Please read the blog post:"It is important to note that Onion Services are only accessible from within the Tor network, which is why the discussion of exit nodes is irrelevant in this case."

pc86 17 hours ago

This brings up a couple questions I've always had about Tor. I played around with it a bit maybe a decade ago and it seemed it was used for drugs, CSAM, and getting yourself honeypotted trying to buy illegal guns or murder-for-hire.

I always assumed if you were doing things where your threat model included governments trying to kill you that Tor wouldn't be all that useful even if it was secure.

midtake a day ago

Monitoring exit nodes does not necessarily reveal hidden services, though.

Edit: Never does, exit nodes are not part of the circuit, thanks to commenter below.

  • system33- a day ago

    Monitoring exits is completely irrelevant to onion services, in fact.

    Completely.

    Exits aren’t a part of the circuit. Ever.

drexlspivey a day ago

If they run just the exit node they still can’t de-anonymize you right?

  • system33- a day ago

    Depends on the content of your traffic.
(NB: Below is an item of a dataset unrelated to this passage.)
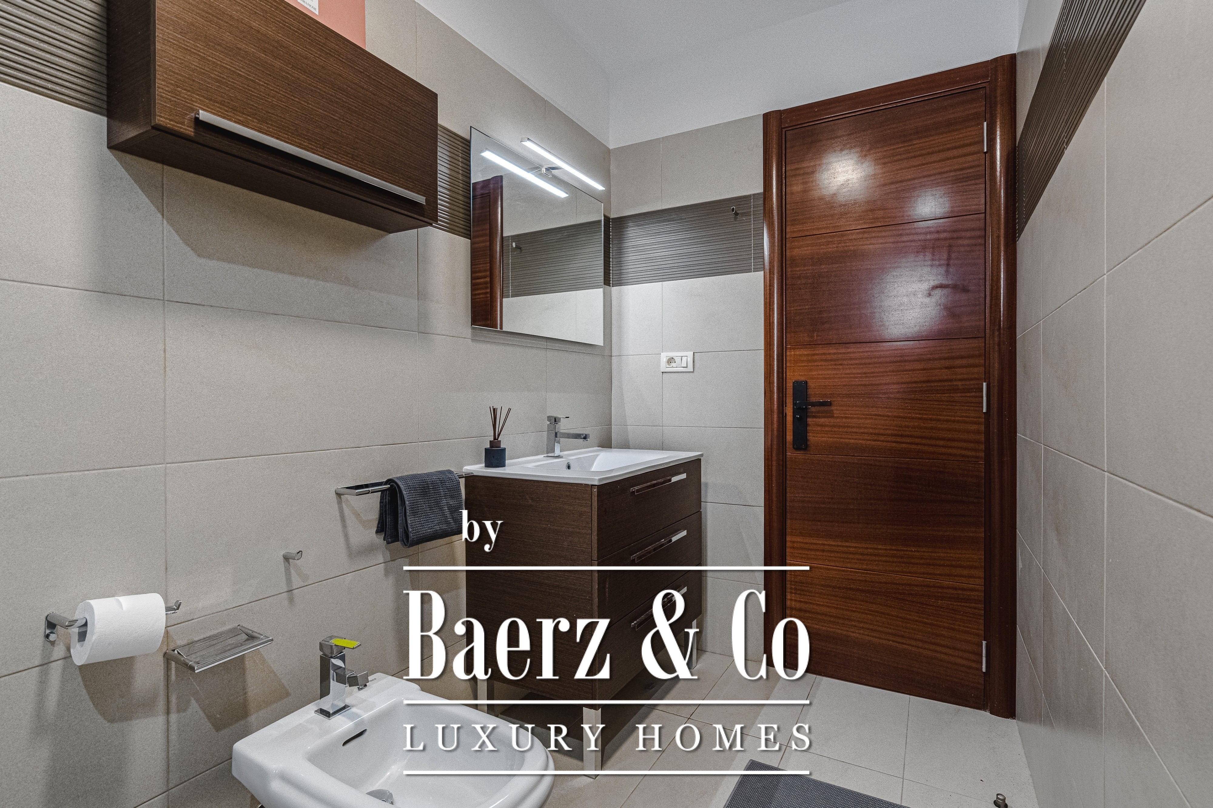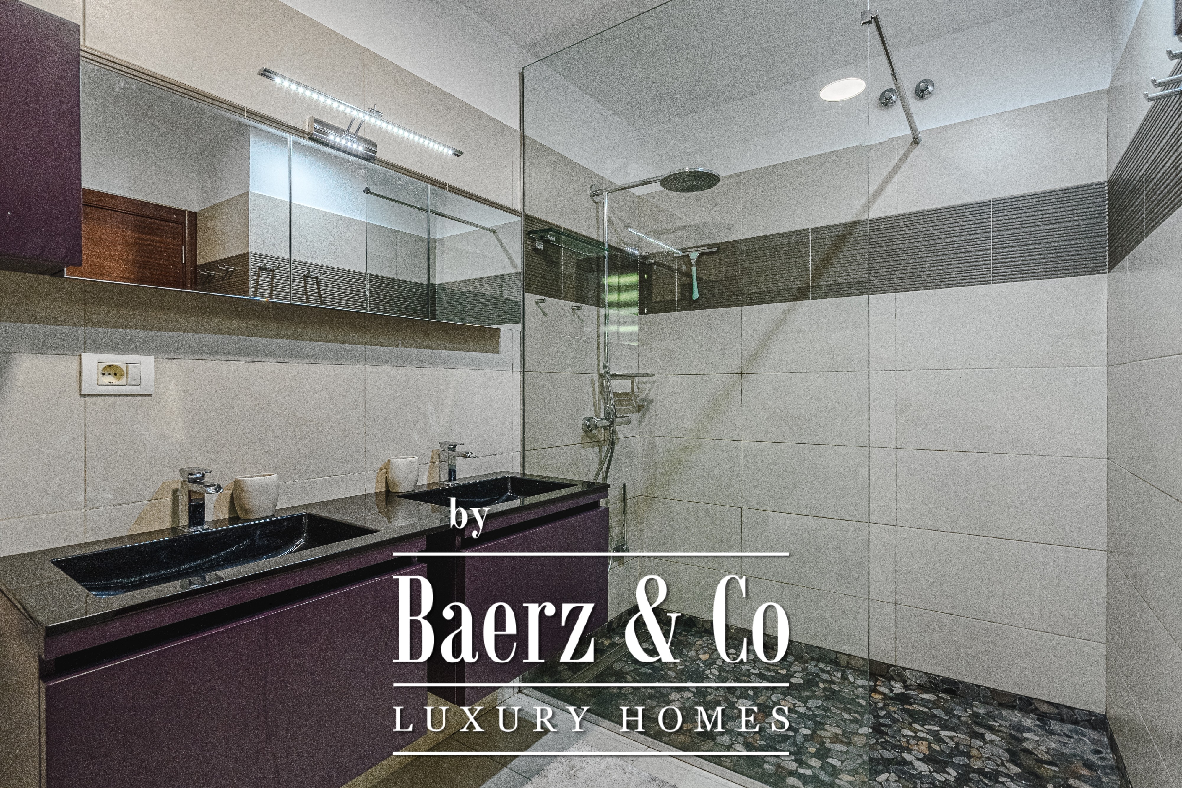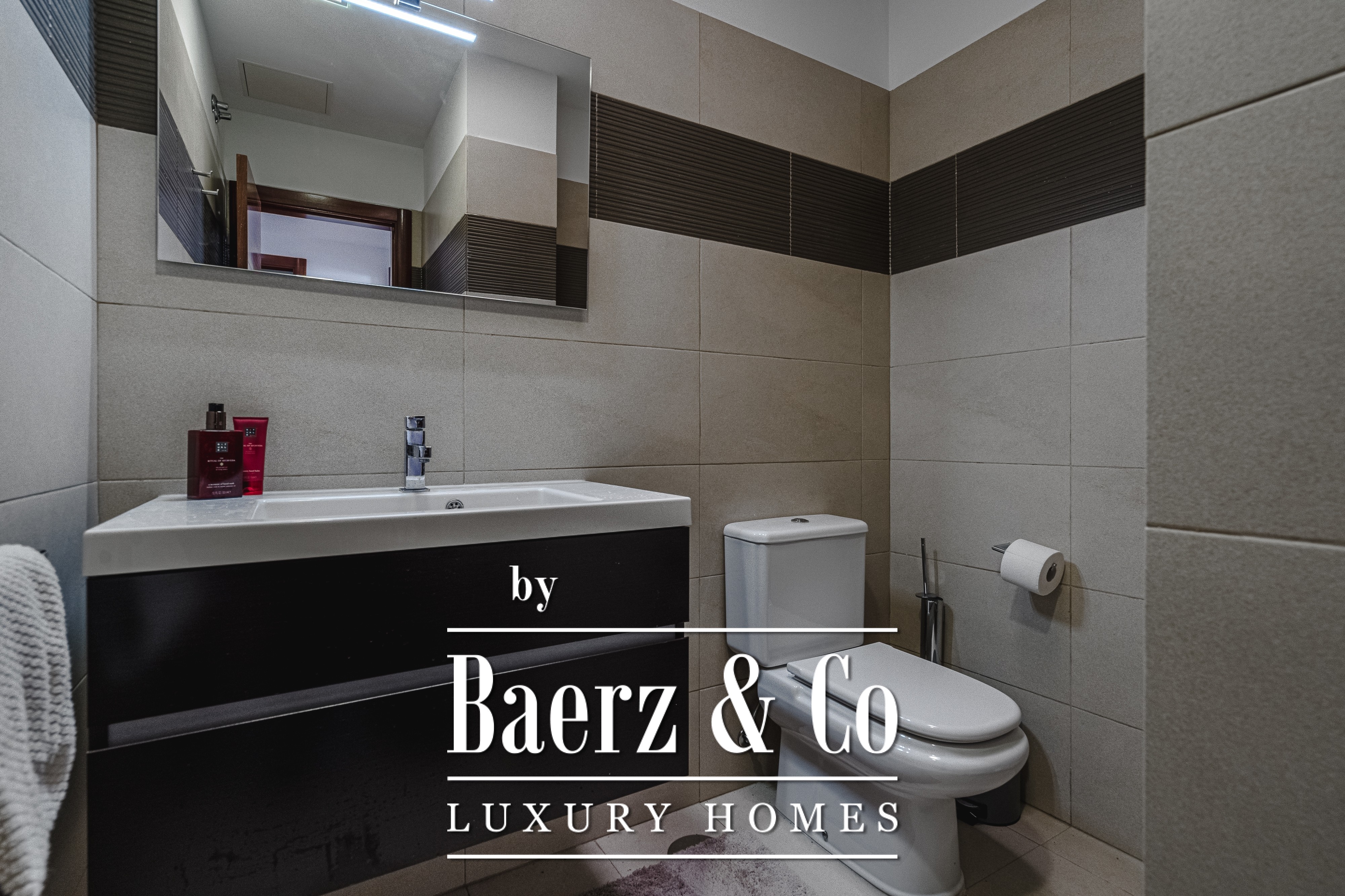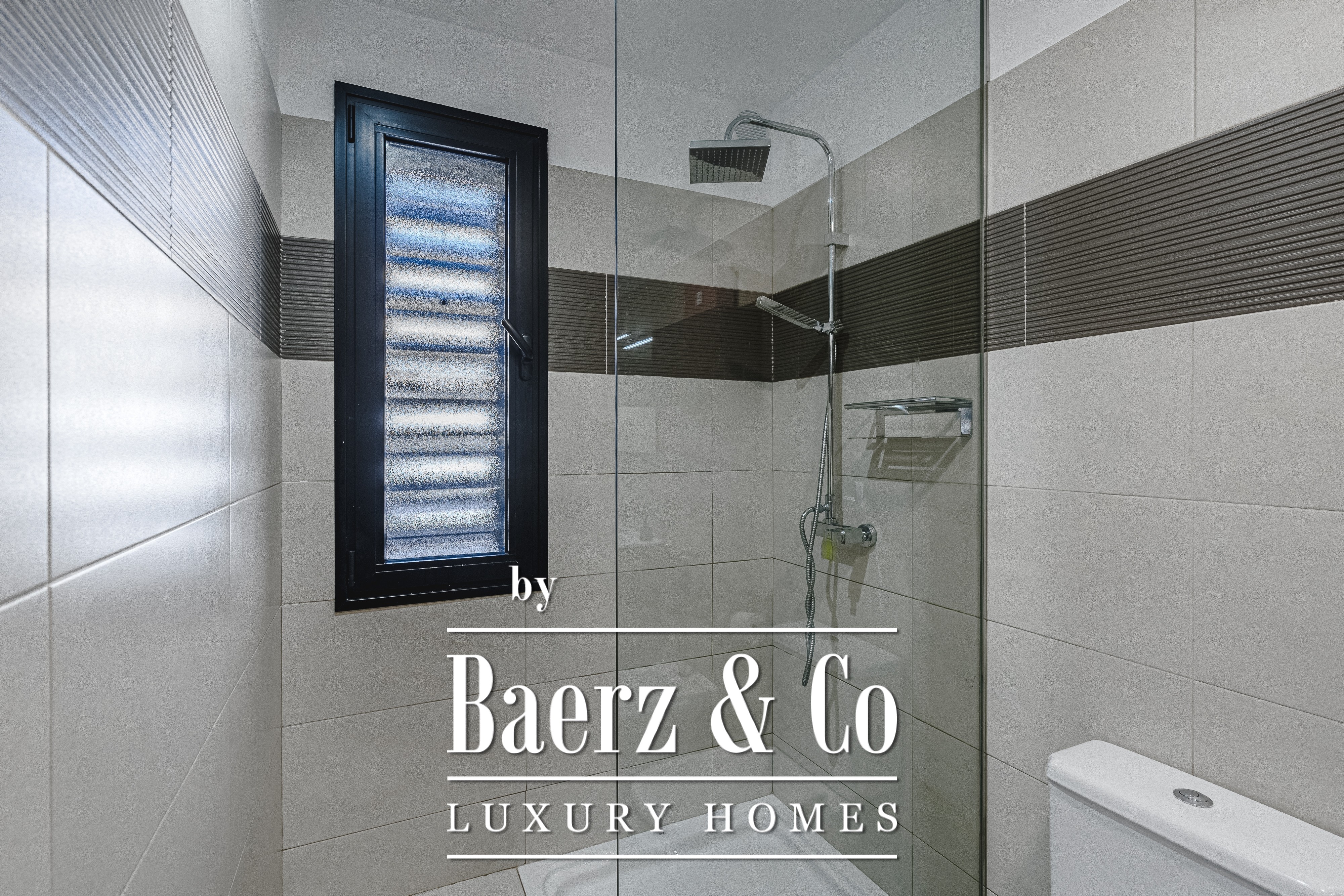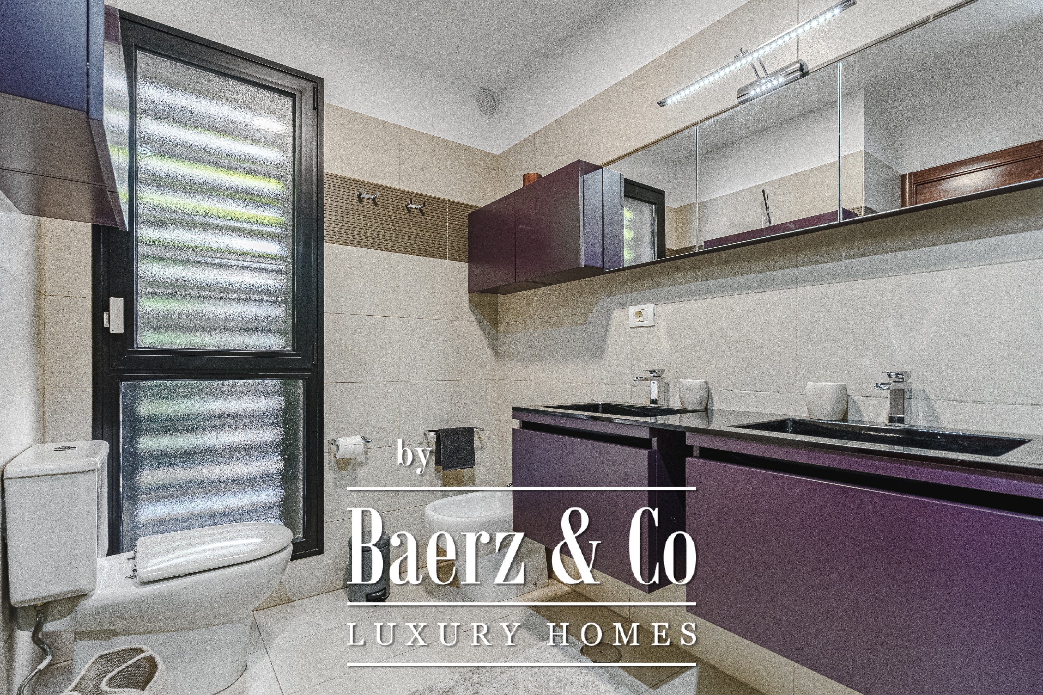 Interiören rymmer tre sovrum och tre badrum som kompletteras av två kök, två tvättstugor och särskilt förrådsutrymme. En självständig gästlägenhet med vardagsrum, sovrum, badrum, klädkammare och kök ger både flexibilitet och avskildhet för gäster eller längre vistelser. Bostaden är utrustad med Daikin-luftkonditionering, värmeåtervinningsventilation och solcellsdriven varmvattenberedare för hållbar komfort.

    If “deanonymize” strictly means perform a timing attack using info you have from the beginning and end of the circuit, then by definition you’re correct.

    But if you visit an identifying set of websites and/or ignore TLS errors or … they can still deanonymize you.

    • iluvcommunism a day ago

      What role do TLS errors play in de-anonymizing onion traffic?

      • system33- a day ago

        My comment is strictly about exit nodes which are not used as part of connecting to onion services.

        Ignoring TLS errors might mean you’re ignoring the fact your exit relay is MitM attacking you.